Early Sunday morning, Lonesome George, the last known individual of the Pinta Island Tortoise, was found dead in his corral at the Tortoise Breeding and Rearing Center in Puerto Ayora, Santa Cruz Island, by members of the Galapagos National Park Service.  His exact age was unknown, but he was believed to be more than 100 years old.

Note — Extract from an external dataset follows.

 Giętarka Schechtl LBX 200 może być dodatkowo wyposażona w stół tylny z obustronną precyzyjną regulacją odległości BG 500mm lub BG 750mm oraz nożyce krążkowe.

A member of one of eleven subspecies of Galapagos tortoise native to the Galapagos Islands, he had been labelled the rarest creature in the world, and was a potent symbol for conservation efforts in the Galápagos and internationally.

Not so Lonesome

Lonesome George was found on Pinta in 1972 although Pinta tortoises were thought to be extinct. Since then, Lonesome George has been part of the Tortoise Program of the Galapagos National Park Service (GNPS). Various efforts were made to get George to reproduce. Two female tortoises collected on Wolf Volcano (Isabela Island) were put in Lonesome George’s corral. These females produced eggs at the end of 15 years with Lonesome George. Unfortunately all of the eggs were infertile. Later two females from the Espanola tortoise population (the species most closely related to Pinta tortoises genetically) were with George until the end.   

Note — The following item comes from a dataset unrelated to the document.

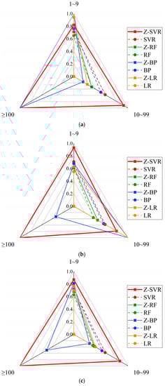 We also divided the testing samples into three groups according to the number of casualties, where the division criterion was order of magnitude (1 to 9, 10 to 99, 100 and greater). We compared the classification performances of Z-SVR and other models in the groups and calculated the evaluation indicators of , , and for all prediction models. Figure 16 presents the comparison results of classification performance between Z-SVR and other models on samples with various numbers of casualties. Z-SVR provided the most balanced and accurate classification into the three groups. Although models such as Z-BP and Z-LR showed better classification performance in terms of or in some groups, the and values of the Z-SVR model in the three groups were high, balanced and stable; thus, Z-SVR had the highest values in each group. In general, the Z-SVR model was the most precise and stable model, which provided accurate classification results for earthquakes with various numbers of casualties.

A visit to the Charles Darwin Research Station in Puerto Ayora was not complete without stopping by Lonesome George's corral to see him drinking from his favorite watering hole or simply just lounging around.  We were fortunate to see him a few years ago when we were on Celebrity Xpedition in Galapagos.   George didn't mind having people checking him out, and would pose for photos with his guests.

A New Beginning

The cause of Lonesome George's death won't be known until a necropsy is completed.   He is being kept in a cold chamber to avoid decomposition prior to the necropsy.

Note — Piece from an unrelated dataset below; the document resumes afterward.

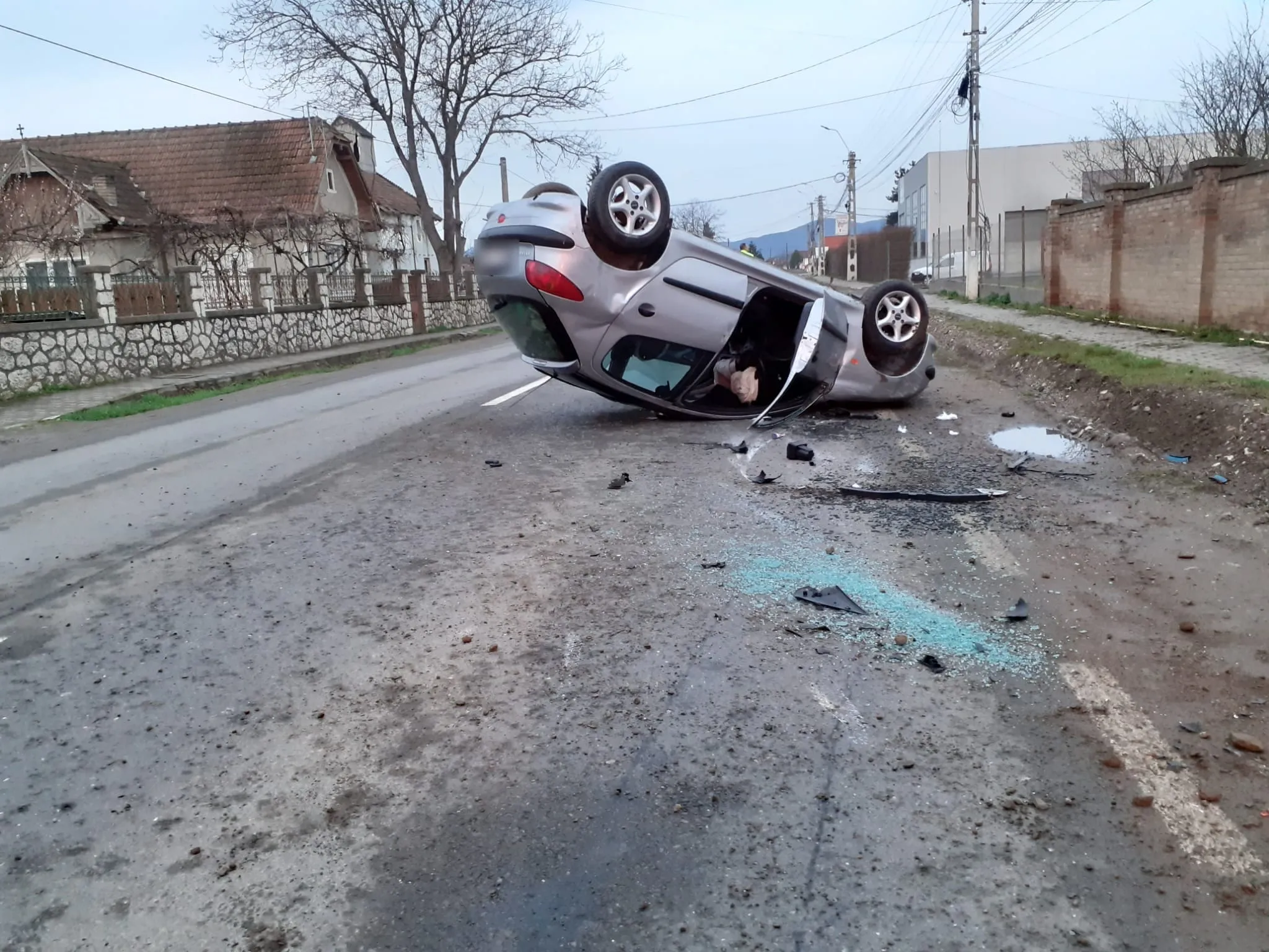 Un șofer de 20 de ani s-a răsturnat cu mașina, duminică dimineața, în comuna Mihai Viteazu.

His legacy will live on.  Following Lonesome George's death, Edwin Naula, Director of the GNPS, stated, “This July, the GNPS is convening an international workshop to focus on management strategies for the restoration of tortoise populations during the next ten years. The workshop will be held in honor of Lonesome George.“

Restoration of Lonesome George's island of Pinta as well as the other islands in the Galapagos archipelago will keep him in our minds for generations to come.    

Related Blog Posts:

Hope for Lonesome George
Galapagos - Charles Darwin Research Center (Day 9)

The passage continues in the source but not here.